Land-Ecoシンポジウム
土壌第三者評価の意義
Land-Eco副委員長 滋賀県立大学環境科学部教授
川地 武 氏
Land-Ecoシンポジウム(H18.10.27)より


はじめに

 土壌第三者評価委員会の副委員長をさせて戴いております、滋賀県立大学の川地です。
 本来ですと委員長の菅原正孝先生からご挨拶を戴くところですが、本日は所用のため、代わってご挨拶をさせて戴きます。


今、注目の第三者評価

 世間では今、第三者評価ブームです。
 例えばインターネットで「第三者評価」を検索しますと、まず介護福祉施設の第三者評価がたくさん出てきます。おそらく介護福祉施設もかなり玉石混交の状態なのだろうと思いますが、各都道府県にあります。
 また、行政を評価する第三者評価も全国にあるようです。最近では学校も、外部評価といって第三者評価を取り入れています。
 このように世間では、とにかく当事者だけではどうもいけないというのが通説になりつつあります。


土壌汚染対策の現状

 5月の発足記念シンポジウムで菅原先生も言っておられましたが、土壌汚染対策法が2002年に制定され、2003年から施行されています。
 毎年、環境省のホームページ等で、法律に基づいた調査について、特定有害物質を使用していた工場の廃止が何件あって、そのうちどれくらいが調査されたのか、あるいは対策がどのくらい進んだのか等の資料が出ております。
 また土壌汚染対策法では、調査に基づいて汚染地域を指定することになっていますが、この3年間に百数十件の指定を受けています。そのうち約半数は対策が済んで指定が解除されていることから、全体の土壌汚染の数からするとまだまだかもしれませんが、土壌汚染対策法によって調査・対策が促進されたことは間違いないと思っております。
 法律の範疇でなされるものと同様に、民間同士の土地取引に伴って調査や対策がなされます。
 このように環境省の統計に入ってこないものも含めますと、地域差はありますが、現在かなりの数の土壌汚染の調査・対策がなされている、あるいは土地取引がなされていると言えるかと思います。


土壌汚染対策の問題点

 しかし当初から、いくつか問題点も挙げられておりました。現在1500以上の指定調査機関がありますが、中には必ずしも技術的に十分でないところもあるかもしれません。
 そのような中で、まずは調査の信頼性をどう担保していくかという問題があります。あるいは対策技術の選定が妥当だったのかというようなことも、必ずしも言えません。この分野は日進月歩ですから、お墨付きを与えられたものはそう多くないのも事実です。
 それではどういう技術を選択すれば良いのかや、対策が行われた後の土地の健全性に対して長期的な信頼性をどう担保していくのかに関しても、まだまだこれからという状況にあります。


第三者評価委員会の発足

 本来ならば公的な機関に相談に行けると良いのですが、なかなかお役所もそこまで手が回らないという状況にあります。
 そこでこの土壌第三者評価委員会を立ち上げて、既にいくつかの評価依頼を戴いています。私が携わったのはそのうちのいくつかですが、やはり第三者的な評価をなすためには、その人間の見識が問われますので、我々自身が問われているというつもりで臨んでいます。

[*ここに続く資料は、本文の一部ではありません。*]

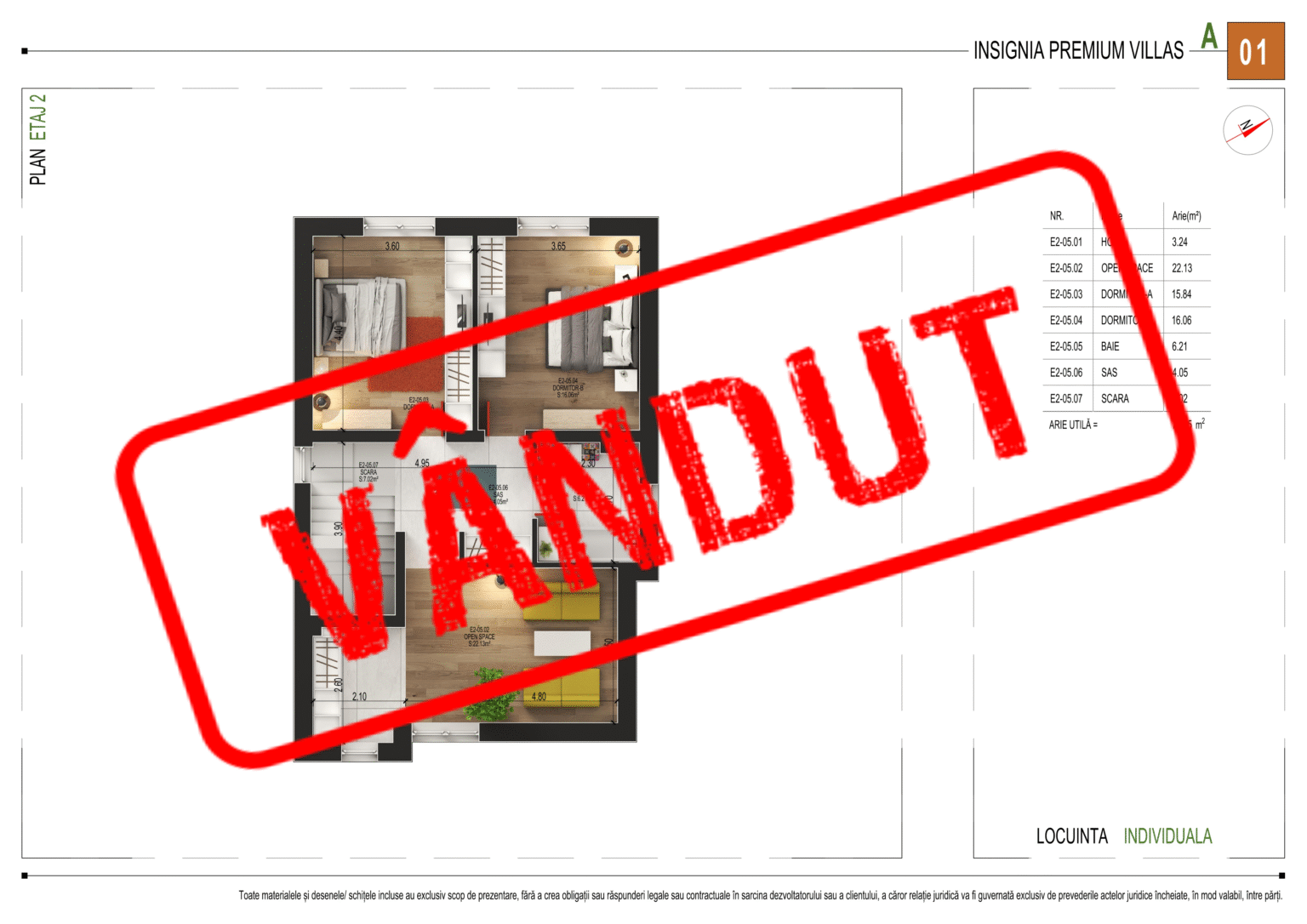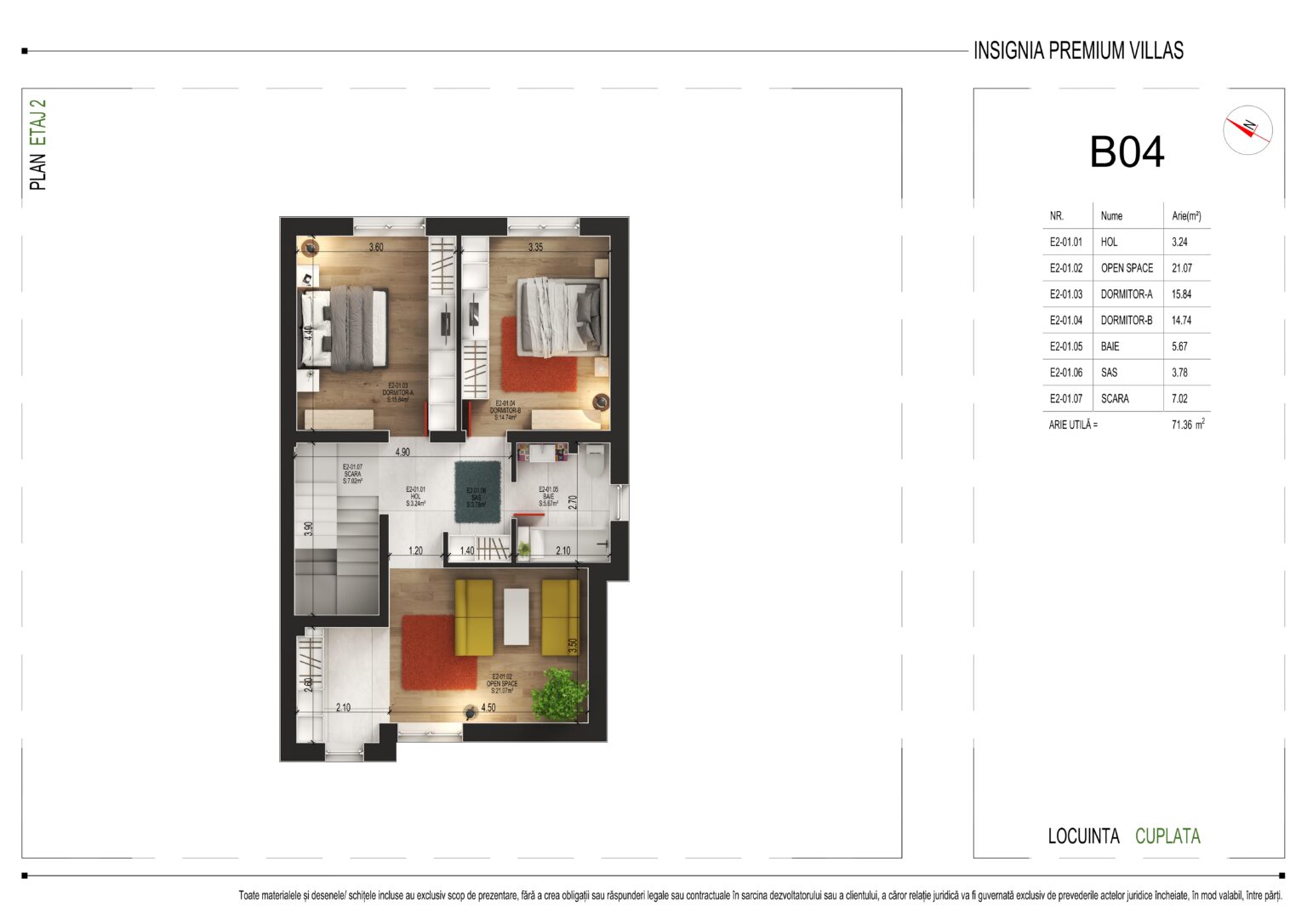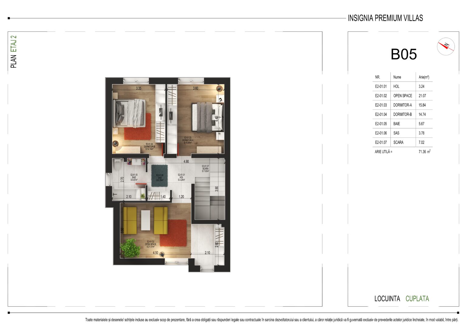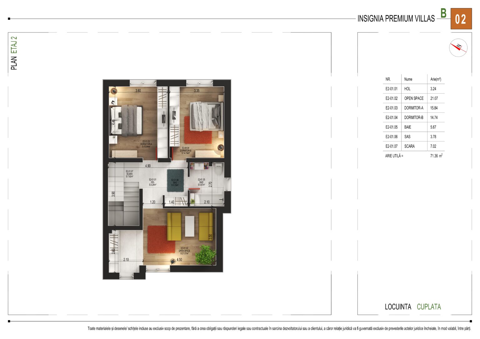 Cu o arie utilă totală de 71,36 m², etajul 2 oferă următoarea compartimentare:

 今日は、このような仕組みがそもそもどのような意義をもつのか、あるいは実際にこの仕組みを適用した結果どうであったかなどについて、いくつかの分野の方にお話を聞かせて戴きます。
 そして、この仕組みをさらに実りあるものにするためにはどうしたら良いかを考え、フロアの皆さんからのご意見を戴きながら、より充実させたものにしたいと思います。客観的で公正な第三者評価を創りあげていきたいと思っておりますので、よろしくお願い致します。